All S-expressions in (our version of) the grammar must start with a name, and if they don’t have one it is an error. Note that my original versions of these tests only had one error in each list, but when I actually ran them they ended up like above. This suggests that my plan of continuing parsing after we encounter an incorrect node just leads to a gigantic avalanche of errors, even on subsequent good syntax. So that could be improved, but I’m not going to worry about it for now.

Both of these tests will pass after we add a new case to the when statement. This case must be placed after the existing check for a valid Name token, as it catches all non-name tokens that follow an LParen:

            ([{ token: LParen }, { token, position}, .. as rest], _) ->
                message = "Expected Name, found '$({token, position} |> Tokenizer.toStr)'"
                (
                    List.prepend rest {token, position},
                    { currentState &
                        errors: List.append currentState.errors {position, message}
                    },
                )

The second token gets added back to the state with List.prepend (the LParen stays off or we’d end up with infinite recursion) in the (probably vain) hope that it might be valid syntax for later parsing.

Let’s see what happens if we try to add a nested expression!

Nested Expression

Let’s add a new TDD expectation for the case where we have a nested s-expression that has a nested term. The WAT expression (module (memory 10)) should be suitable. I don’t feel like guessing what the outcome should be so I’ll start with an easy variation of the test:

expect
    # (module (memory 10))

    tokens = [
        { position: { row: 1, column: 1 }, token: LParen },
        { position: { row: 1, column: 2 }, token: Name "module" },
        { position: { row: 1, column: 9 }, token: LParen },
        { position: { row: 1, column: 10 }, token: Name "memory" },
        { position: { row: 1, column: 17 }, token: Number 10 },
        { position: { row: 1, column: 19 }, token: RParen },
        { position: { row: 1, column: 20 }, token: RParen },
    ]

    result = parse tokens

    dbg result

    result |> Result.isOk

Once we get it passing, I can inspect the output of that dbg and copy the content into the expectation if it is right.

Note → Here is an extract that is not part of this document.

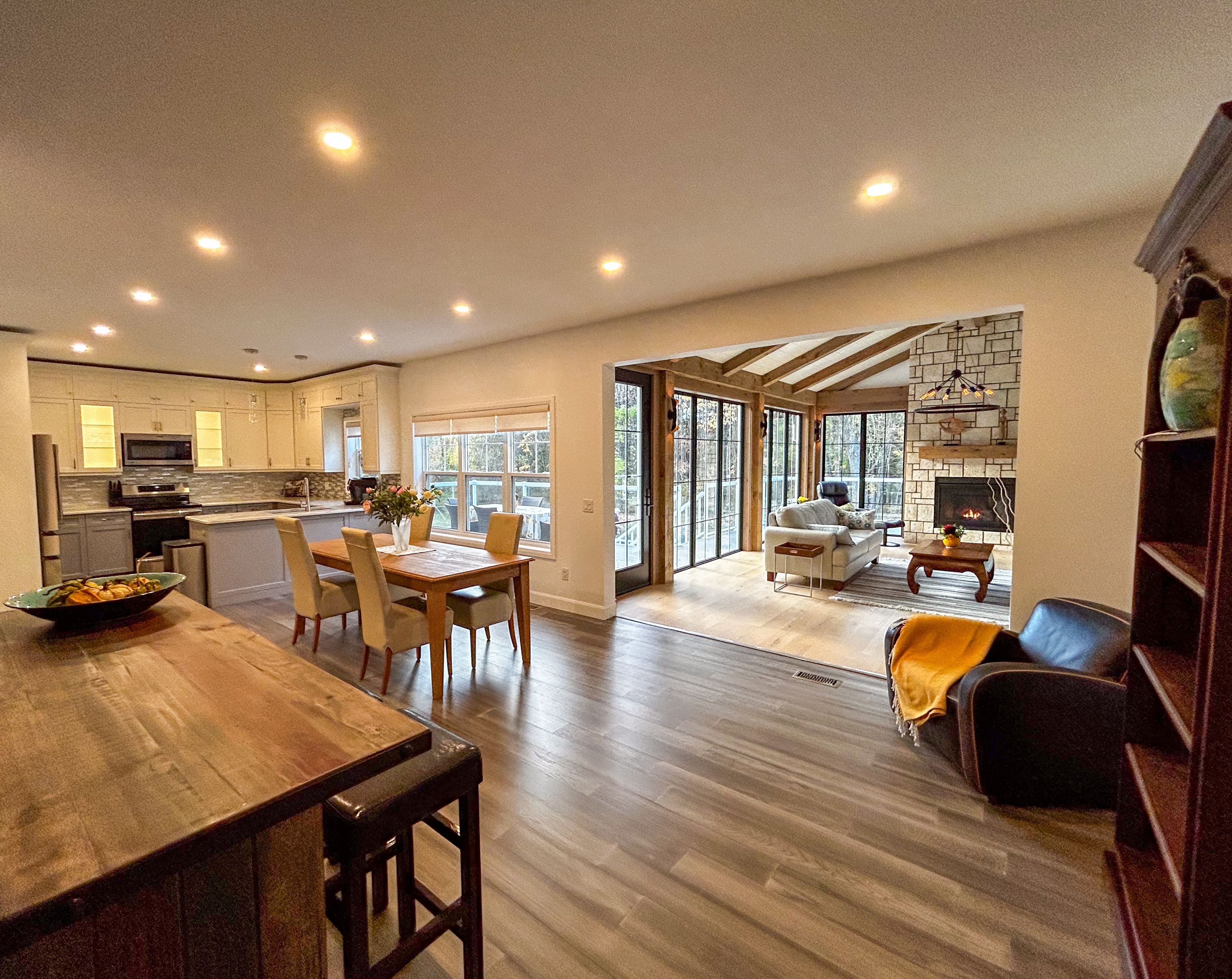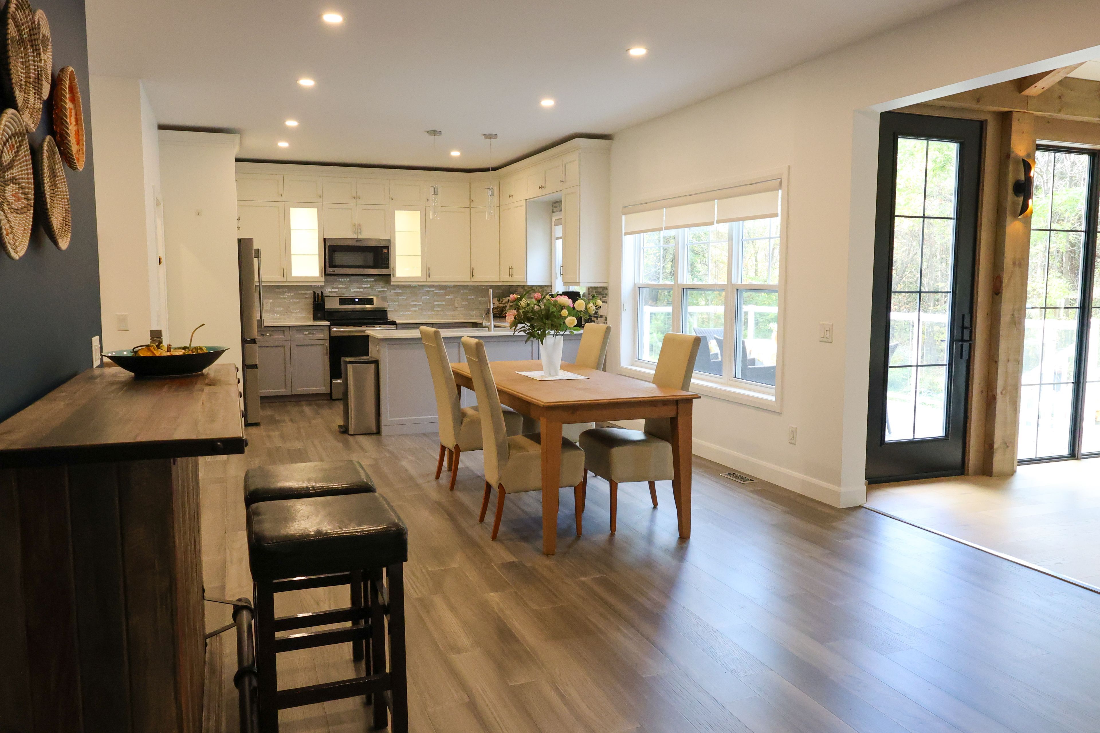 Located in the picturesque village of eugenia, this beautifully crafted bungalow offers the perfect blend of comfort, function, and location. With three bedrooms and three bathrooms spread over two levels, the home is ideal for families, weekenders, or those seeking a peaceful year-round retreat in one of grey county's most sought-after destinations. The main floor features two spacious bedrooms and two full bathrooms, including a bright, open-concept living space that invites both relaxation and entertaining. A cozy propane fireplace anchors the expansive open kitchen/ dining room which provides plenty of room to cook, gather, and enjoy meals together, perfect for hosting. Just off the kitchen/dining area is a stunning large living room with solid oak flooring which offers a beautiful space that can easily serve as a games area or home lounge. The walk-out basement, offers a third bedroom and another full bathroom perfect for guests or extended family. In-floor heating in both the basement and garage ensures year-round warmth and comfort. A large heated workshop with double doors in the basement provides the perfect space for tools, hobbies, or storage. There's also a cold storage room for preserving seasonal goods or wine. Outdoors, the home continues to impress. A concrete driveway and walkway add to the curb appeal and practicality, while the composite deck offers the ideal spot for outdoor dining or relaxing, complete with a propane barbecue hookup for easy grilling. From your doorstep, enjoy walking access to bothlake eugenia and the stunning eugenia falls. With beaver valley just a short drive away, the area offers endless opportunities for hiking, skiing, and exploring. This is more than a home, its a lifestyle. Whether you're seeking a full-time residence or a tranquil weekend escape, this eugenia bungalow delivers exceptional quality, comfort, and location in equal measure.

To make this test pass, we will need two new match arms. The first one will need to match this case:

  • The next token is one of the terminal tokens.
  • The openNodeStack currently has an S-expression at its tail position.

If it matches, we need to return a new state where the S-expression on the openNodeStack has had a new child added to it. This match arm needs to support four different types of tokens, so I thought it would end up being a ginormous union. That didn’t work out, though, as we’ll soon see.

For starters, I’ll just try to match a Number, since that’s what the test does. I fear trying to generalize it will lead to compiler errors, but we’ll try our luck once we get there.

I’m finding the Roc compiler doesn’t give very good errors if I use an overly declarative syntax and get it wrong, so my first attempt splits the parts out into variables like this:

([{ position: tokenPosition, token: Number number }, .. as remainingTokens], [.. as headOfStack, { position, expression: SExpression { name, children, state: Open } }]) ->
    term = Term { position: tokenPosition, term: Number number }
    newChildren = List.append children term
    newTail = {position, name, children: newChildren, state: Open}
    nextNodeStack = List.append headOfStack newTail
    (
        remainingTokens,
        { currentState &
            openNodeStack: nextNodeStack
        },
    )

But that seems awfully verbose, so once it was working, I consolidated the new variables one by one until I ended up with a happy compiler on this:

([{ position: termPosition, token: Number number }, .. as remainingTokens], [.. as headOfStack, SExpression { position, name, children, state: Open }]) ->
    (
        remainingTokens,
        { currentState &
            openNodeStack: List.append
                headOfStack
                (
                    SExpression {
                        position,
                        name,
                        children: List.append children (Term { position: termPosition, term: Number number }),
                        state: Open,
                    }
                ),
        },
    )

To my dismay, I was not able to capture the token generically so I could reuse it as a term. The syntax token: (Number number) as term feels like it should work, but no variations on that incantation were successful. I tried making a function to construct the next state, but it required so many arguments that it wasn’t worth the overhead. So I just ended up copying the above code three times and changing the Number number to support String, Name, and Variable terms.

We still need one more arm to match the nested RParen. Our current “close an open S-expression” code only works when there is exactly one open expression in the stack. We need a new case for when there is more than one open S-expression on the stack. It needs to close the S-expression at the top of the stack and then append it to the children of the next one down.

This is going to be one hell of a match arm!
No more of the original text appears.